I am stuck in this question for about a week:

If there are points $A$ and $B$ such that $A(-4,0)$ and $B(4,0)$ then what is the locus of points $P$ such that $|AP-BP|=16$?

I think this is a trick question. But I do not think this is possible.
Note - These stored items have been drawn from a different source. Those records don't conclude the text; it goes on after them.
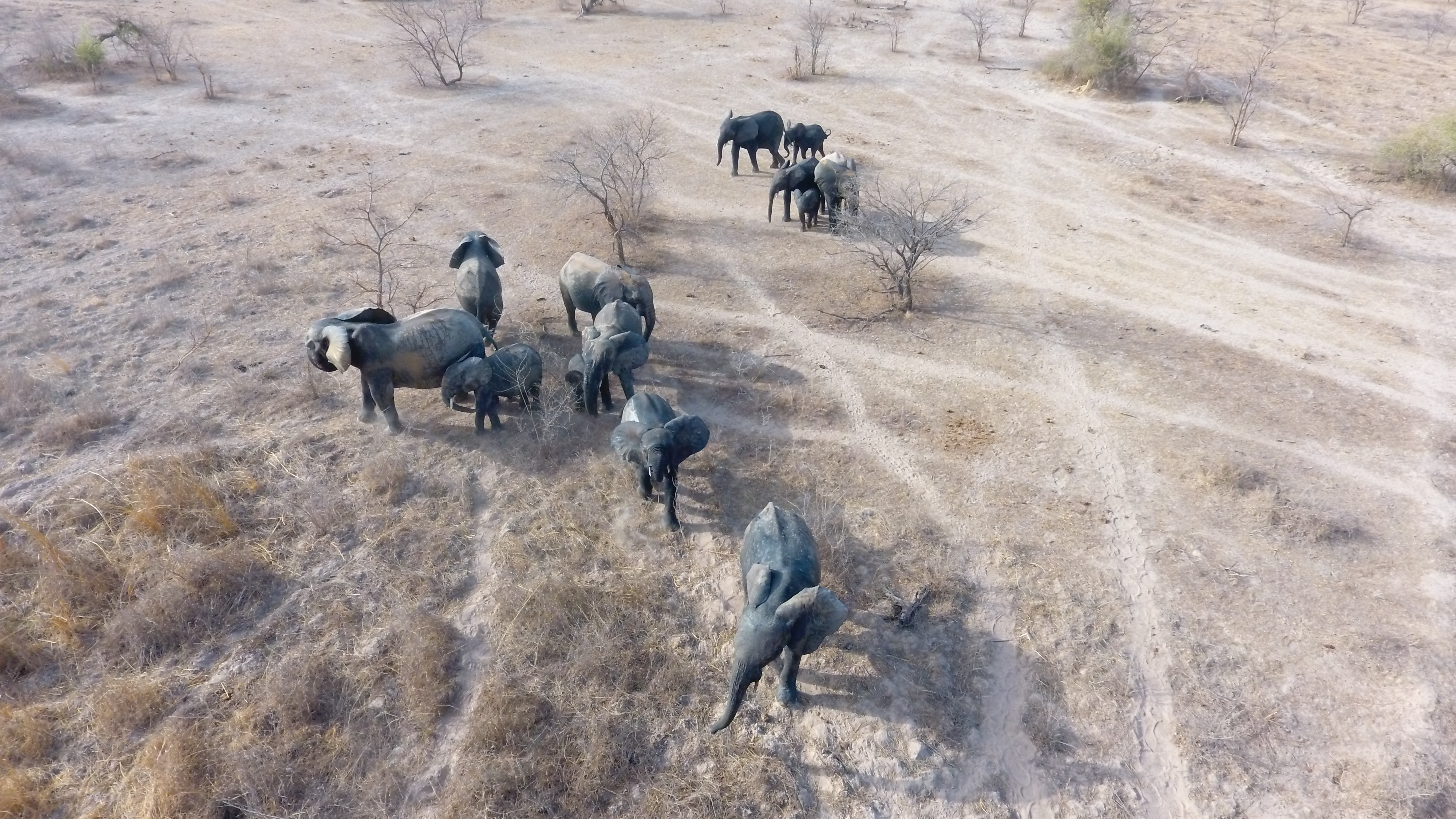 A herd of elephants photographed with a drone at the Bali pond of the Pendjari park republic of Benin
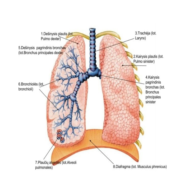 Žmogaus kvėpavimo sistema
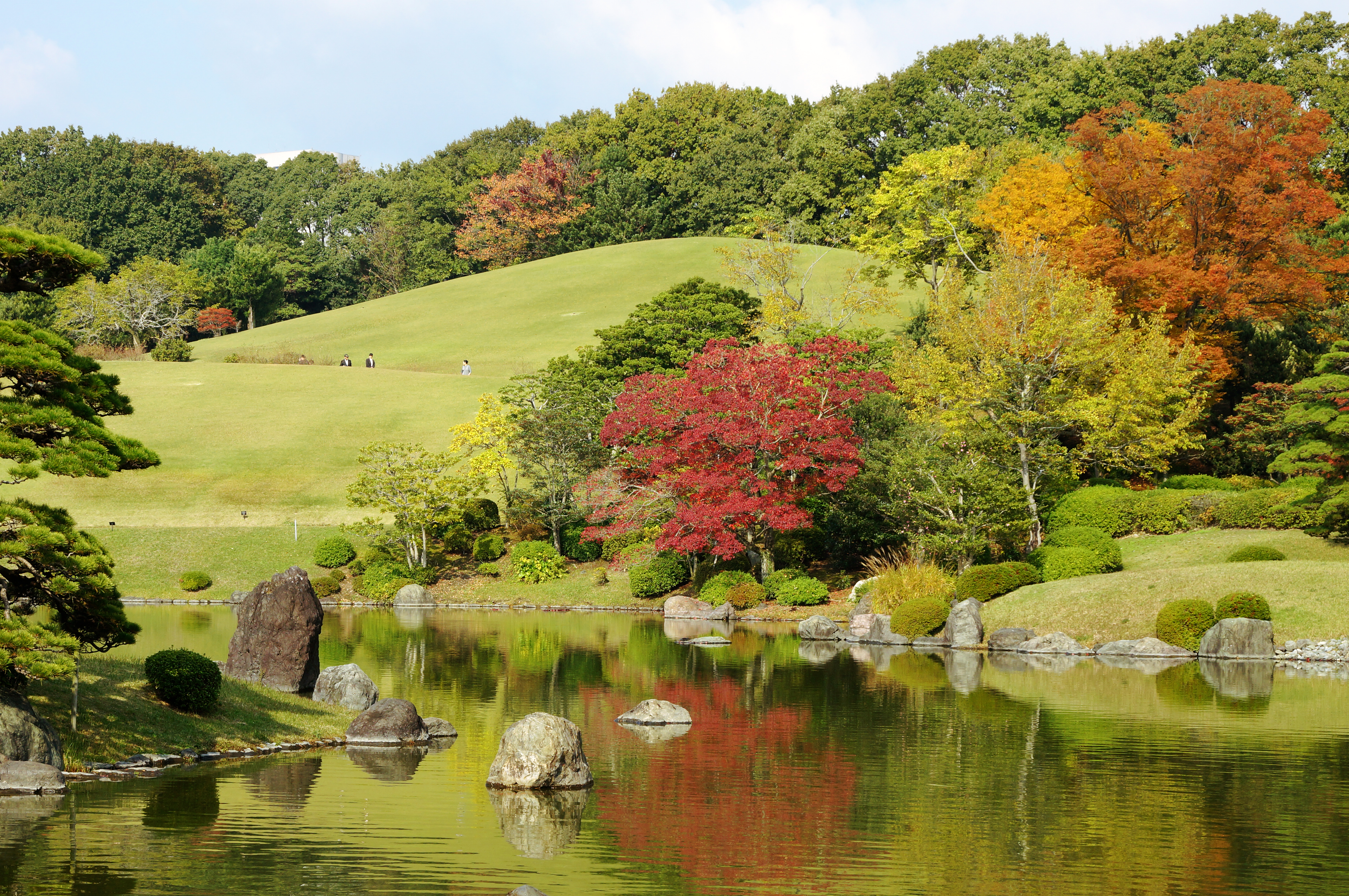 At Expo '70 Commemorative Park in Suita, Osaka prefecture, Japan.
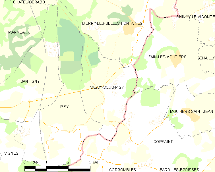 Map of French municipality Vassy

If $APB$ is a triangle, then $|AP-BP|\leq 8$. So $APB$ cannot form a triangle.

But if my answer is incorrect, and such points $P$ exist, what will the points $P$ be?

Answer 1

You are correct - the reverse triangle inequality implies that $$|d(A,P)-d(B,P)|\leq d(A,B)=8$$ so there will be no points $P\in\mathbb{R}^2$ such that $|d(A,P)-d(B,P)|=16$. Here is a nice contour plot of the values of $|d(A,P)-d(B,P)|$ from Mathematica that illustrates this:

A = {-4, 0}; B = {4, 0};

ContourPlot[ Abs[EuclideanDistance[A, {x, y}] - EuclideanDistance[B, {x, y}]],
 {x, -15, 15}, {y, -15, 15}, ContourLabels ->
 (Text[Style[Framed[#3, RoundingRadius -> 10, Background -> White],
 Directive[12], FontFamily -> "Helvetica"], {#1, #2}] &), 
 LabelStyle -> Directive[12, Bold, FontFamily -> "Helvetica"]]

Answer 2

AP-BP is the vector from A to B, which has length $8$. The locus is the null set.